Ocean's Thirteen 

Directed by Steven Soderbergh

Behold the meta-blockbuster: there’s barely a scene in Ocean’s Thirteen that Steven Soderbergh doesn’t jazz up with texture-emphasizing zooms and pans, superimpositions and split-screens, or color grading; almost merging the blockbuster and the experimental film (Dog Star Man meets Lifestyles of the Rich and Famous?), his offhand film-snob fun underscores the movie-star larking that is this heist series’ raison d’etre. As in a blockbuster, or avant-garde film, or lark (and Oceans Eleven and Twelve), the plot is busy and negligible: something about Clooney, Pitt, Damon, et al (their characters have names, but really now…) getting together to score big at desert rat Al Pacino’s new casino, in retribution for his violation of some Rat Pack code of hombre honor, but mostly a framework on which to hang digressions and star turns, suspending the audience in a state of rapt befuddlement. (Inevitably, with so much business to juggle, people are frozen out: Eddie Izzard’s “Guest Star” turn mostly consists of waiting around for something to do.)

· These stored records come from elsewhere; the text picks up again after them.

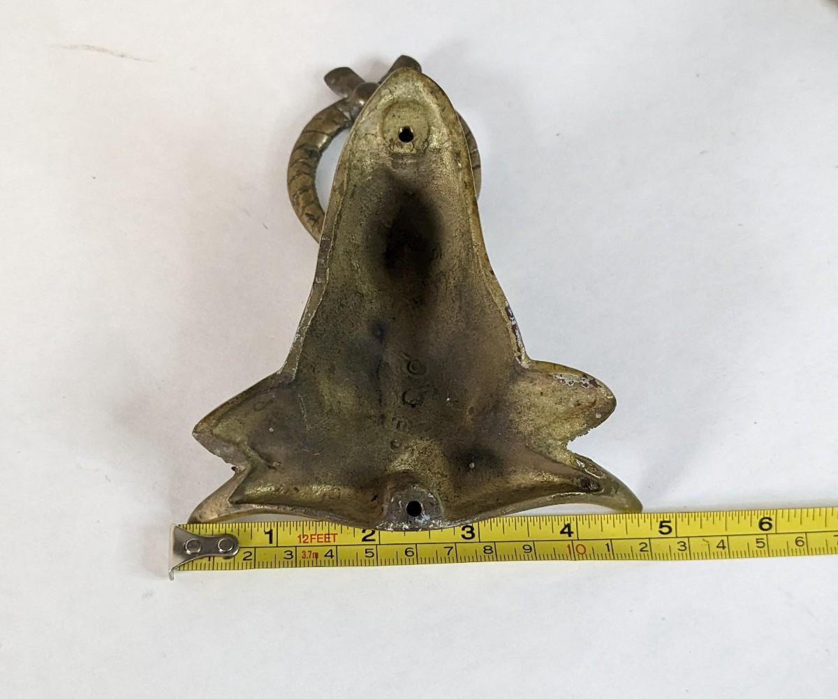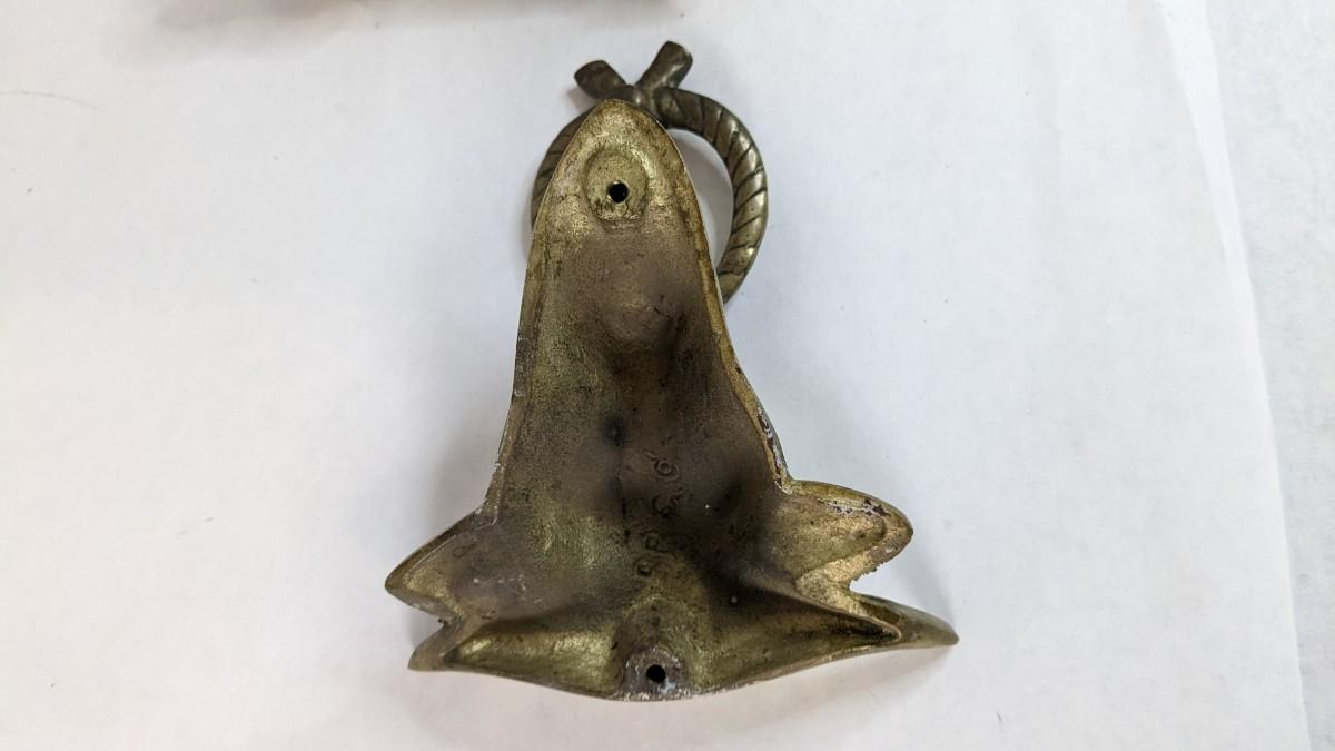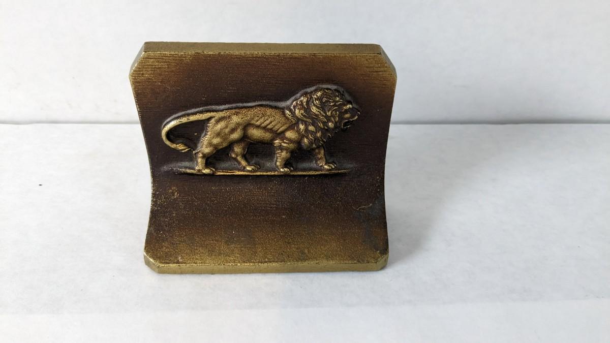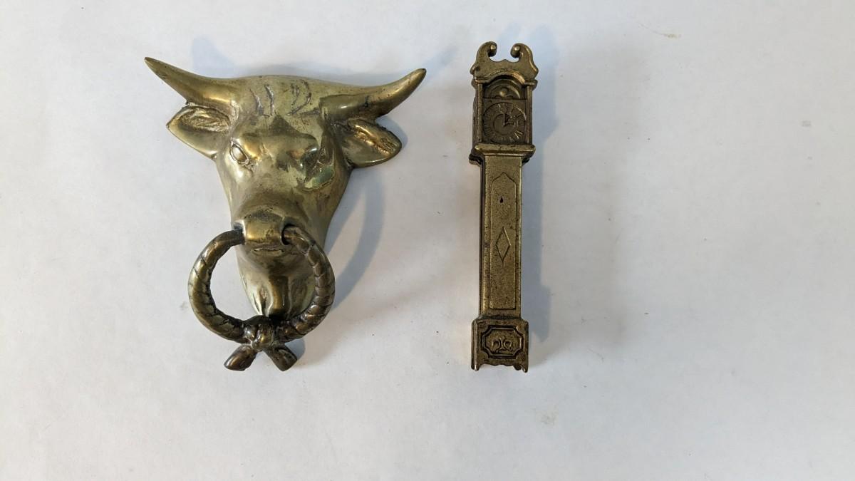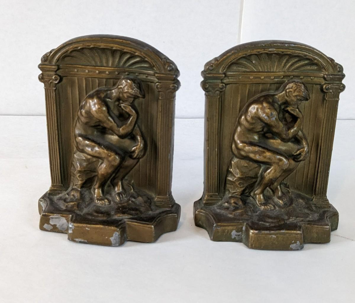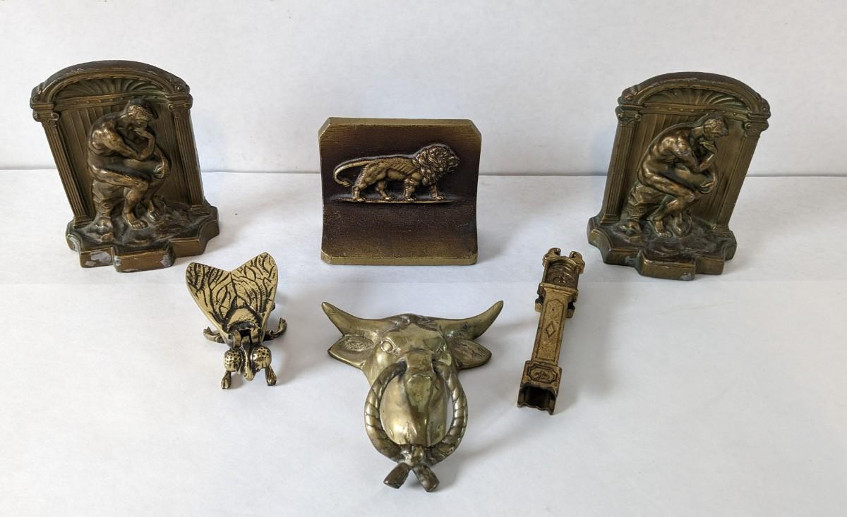 Includes two solid brass door knockers, brass fly ashtray, hollow cast "The Thinker" bookends by Geo Ck Co. NYC please note one of them has a crack and the other has bottom push among other various wear noted in photos, and heavy antique Bradley and Hubbard Lion bookend. Patina noted to all pieces.
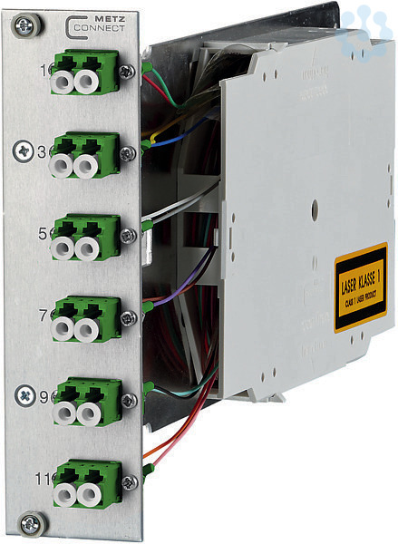 Kompaktmodul OpDAT CM 6xLC-D 3HE/TE, komplett bestückt mit 6 LC-D-Kupplungen und 12 LC-Pigtails, Pigtails mit Kompaktader ø 0,9 mm, Länge 2,0 m, 12 Farben, Pigtails in Standardspleißkassette mit Crimpspleißhalter eingelegt und abgesetzt, Pigtails gereinigt und in Kupplungen eingesteckt, Frontplatte aus silber eloxiertem Aluminium, Kupplungspositionen nummeriert, Trägerplatte aus Stahl, bestückt mit Spleißkassette und Überlängenkassette, jeweils mit Deckel, Befestigung im Baugruppenträger mit unverlierbaren Schrauben, Varianten: bestückt mit LC-D Kupplungen jeweils blau (OS2), grün (OS2 APC), lindgrün (OM5), violett (OM4) oder aqua (OM3)
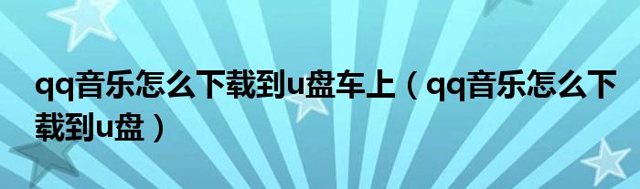 您好,今天帅帅来为大家解答以上的问题。qq音乐怎么下载到u盘车上,qq音乐怎么下载到u盘相信很多小伙伴还不知道,现在让我们一起来看看吧!
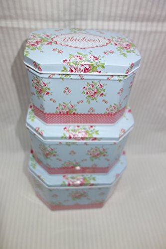 floral design themed set of 3 cookie tins big(6.5x5x4.5 high) med(5.5x4x3.5 high) small(4.5x3.5x3 high) shabby chic decorative storage, great for your kitchen decor.....!
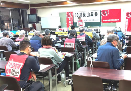 動労千葉からは川崎執行委員が発言し「11・2集会に総決起しよう」と訴えた。集会後、参加者は、雨天をついて渋谷駅から代々木公園までのデモ行進を行い「狭山差別裁判糾弾」「米日の中国侵略戦争阻止」を訴えた。
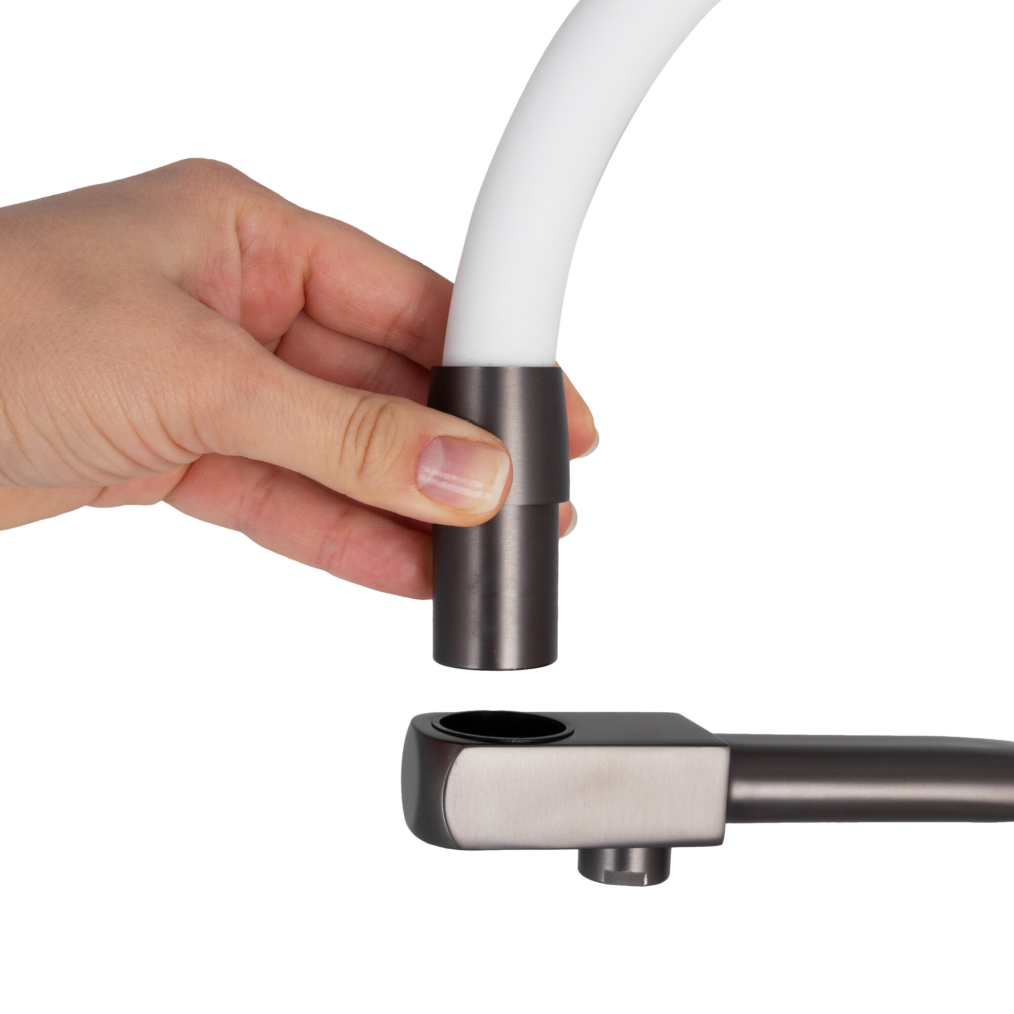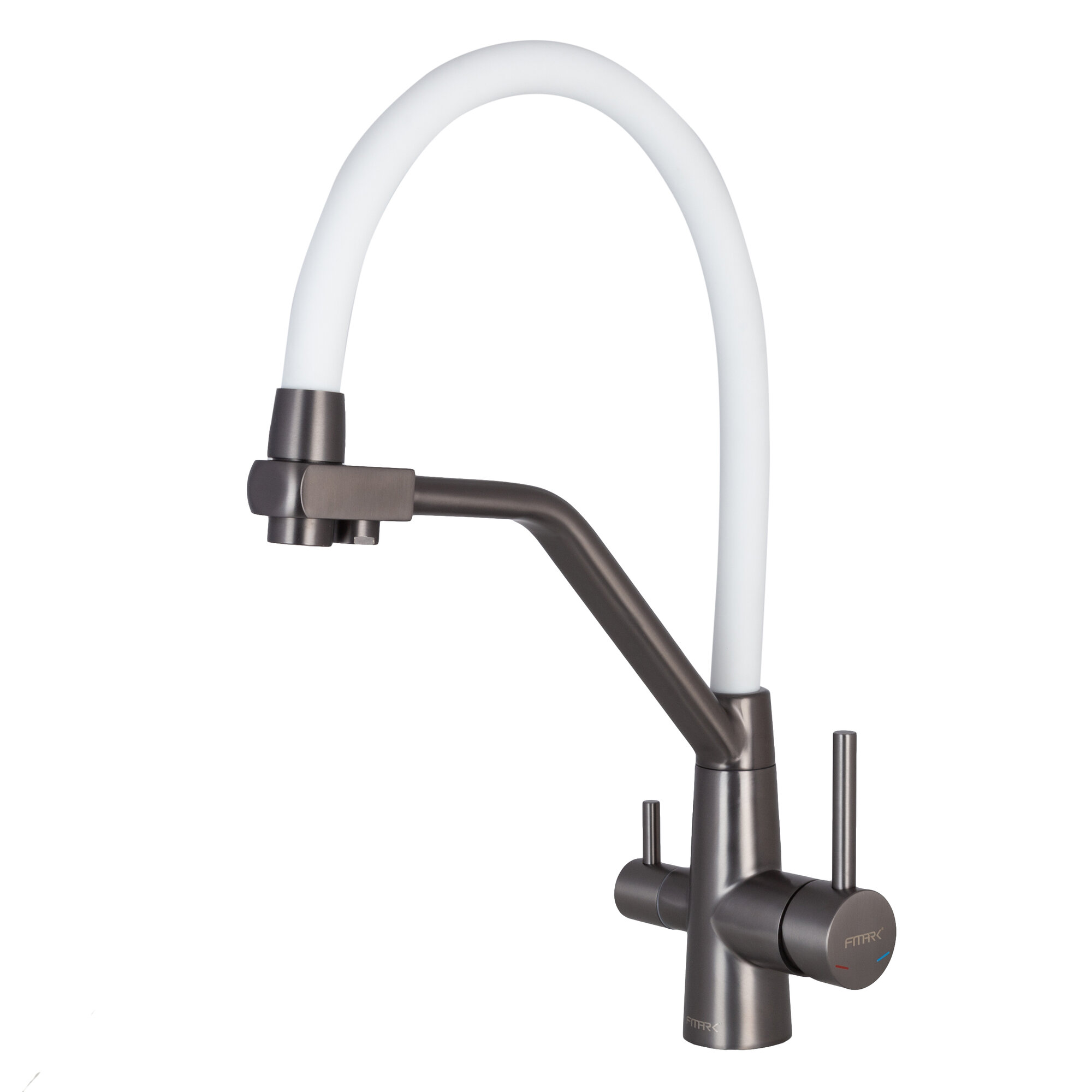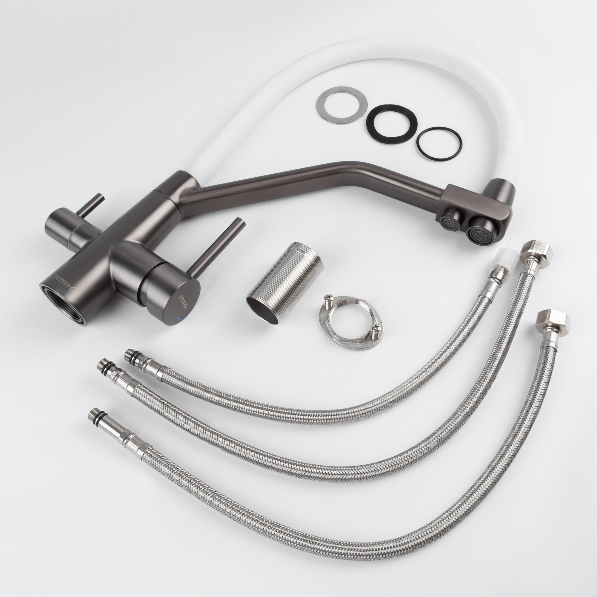 Смеситель для кухни с подключением под фильтр для питьевой воды, гибкий излив, высокий, поворотный, нержавеющая сталь, графит, белый: сравнение цен, характеристики, фото, актуальное наличие и цены.
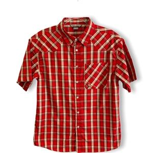 OUTDOOR RESEARCH Western Short Sleeve Plaid Casual Shirt Pearl Snaps Sz M
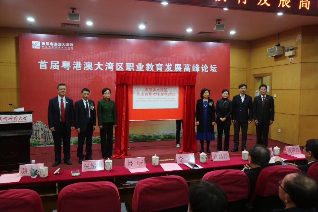 论坛开幕式上,李心、鲁昕、朱超华、凌靖波、骆少明、李子建(香港教育大学副董事长)、张沁(香港可持续发展教育公司经理)共同为刚成立的“粤港澳大湾区职业教育教师发展联盟”牌匾揭牌。
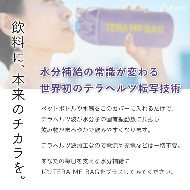 このテラヘルツ波は、水分子の固有振動数に共振することで、飲料にやさしく働きかけます。
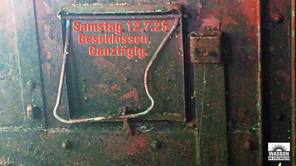 Beitrags-Kategorie:ProgrammGESCHLOSSEN (AUS GRÜNDEN)Hier ist er – der Tag, an dem ALLE Waggonbetreiber & -mitarbeiter keine Zeit haben! Denn manchmal sind private Familientermine einfach wichtiger! Gab’s noch nie, muß aber heute sein. Wir bitten um Verständnis!Weitere Artikel ansehen Vorheriger BeitragFreitag, 11.7.2025 – THE STOOGIES (D) Nächster BeitragSonntag, 13.7.2025 – „Im Jaguar nach Offenbach“ – Lesung & MusikSchreibe einen Kommentar Antworten abbrechenKommentierenGib deinen Namen oder Benutzernamen zum Kommentieren einGib deine E-Mail-Adresse zum Kommentieren einGib deine Website-URL ein (optional) Meinen Namen, meine E-Mail-Adresse und meine Website in diesem Browser für die nächste Kommentierung speichern. ΔDiese Website verwendet Akismet, um Spam zu reduzieren. Erfahre, wie deine Kommentardaten verarbeitet werden.
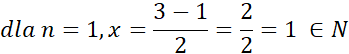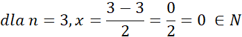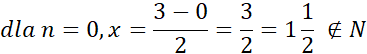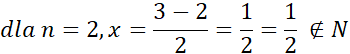 Wartość licznika x nie może być ujemna, a więc n musi być mniejsze lub równe 3. Następnie podstaw kolejne wartości
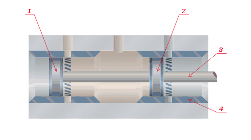 Цилиндрический золотник по принципу действия аналогичен коробчатому, но полностью уравновешен. Такой золотник обычно имеет два поршня 1 и 2 на общем штоке 3, перемещающихся в снабжённой окнами втулке 4. В системах гидравлического регулирования высокой точности цилиндрическому золотнику иногда сообщают непрерывное вращательное движение вокруг оси или колебательное вдоль оси с целью повысить чувствительность системы путём замены трения покоя трением скольжения.
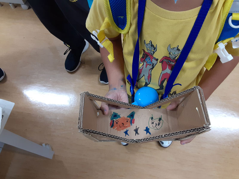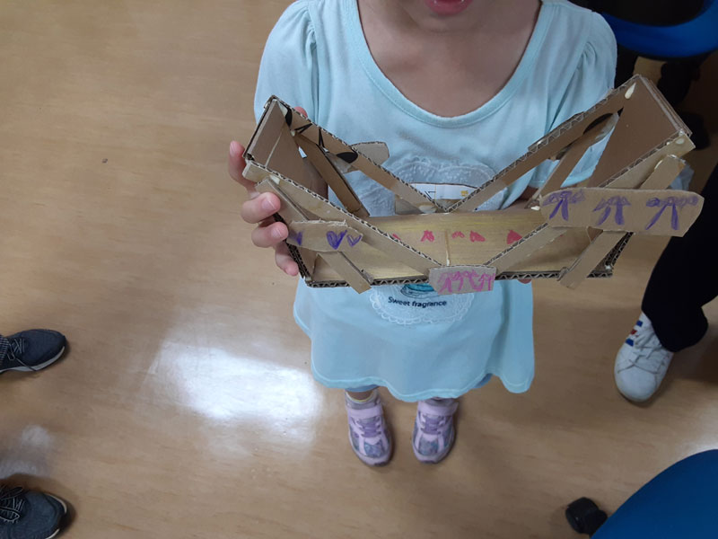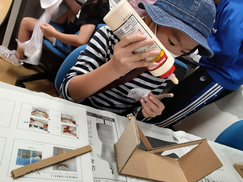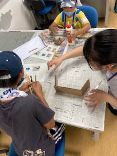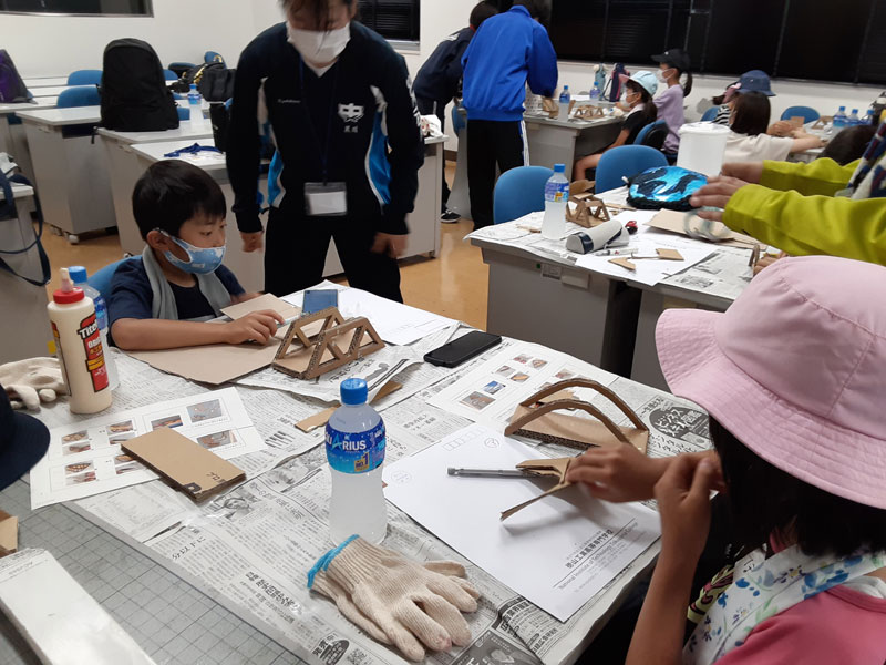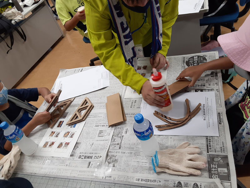 ③休憩時間に高専生の用意してくれた工作を行う【あらかじめ用意された3種類から好きな物を選んで、ダンボールをカットしたキットを貼り合わせて吊り橋などの構造物をつくり、色をぬったり、絵をかいたりする】
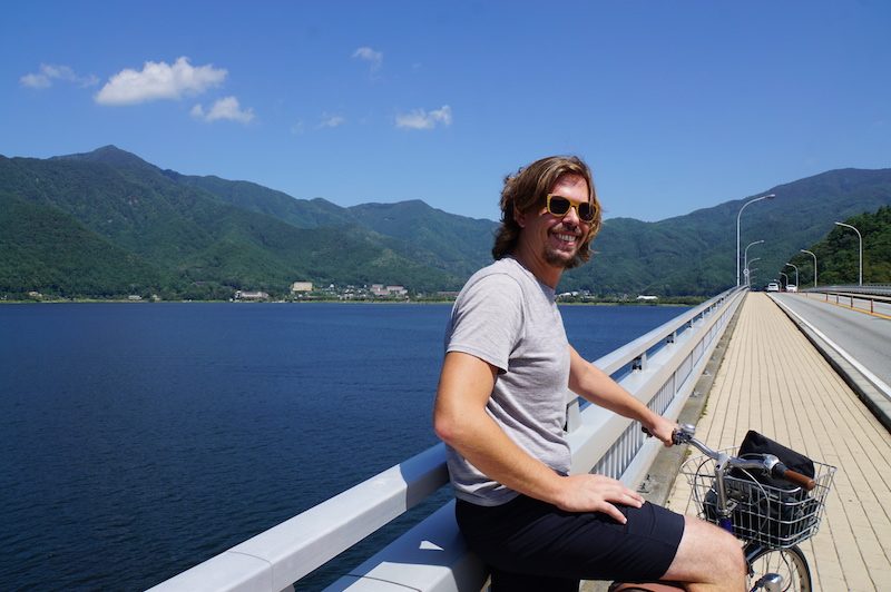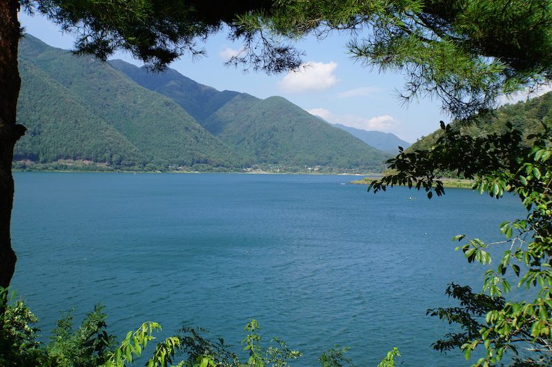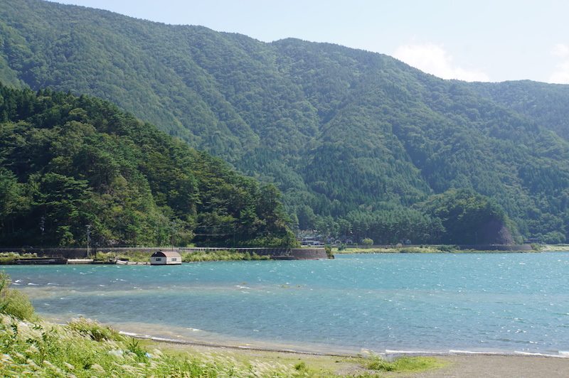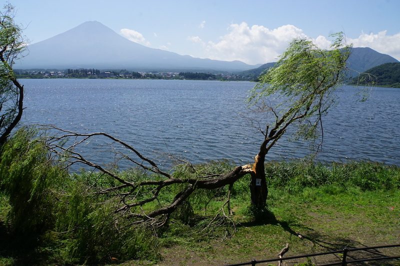 So fuhren wir ausgehend von unserer Unterkunft über die nahegelegene Brücke über den Lake Kawaguchiko und fanden einige tolle Aussichtspunkte auf den knapp 3.800m hohen Vulkan. Wir radelten am See entlang, vorbei an entwurzelten Bäumen und Arbeitern, die gerade dabei waren die Sturmschäden des Vortages zu beseitigen.

If smugness is the likely pitfall for a flimflam charmer built on quips, inside jokes, and sharkskin suits, it manifests itself here in a boys-club atmosphere occasionally veering into the ungallant. (Previous anchors Julia Roberts and Catherine Zeta-Jones are tossed-off absentees; as Pacino’s right-hand woman, Ellen Barkin does fine slapstick work in the service of a no-girls-allowed subplot.) Then again, the best gags in the film suggest a self-aware social conscience: the irony of a movie (and, by extension, lifestyle) as lavishly appointed as this advancing an altruistic agenda juices the absurdist spectacle of Ben Affleck’s brother and James Caan’s son fomenting a workers’ rebellion in a Mexican factory.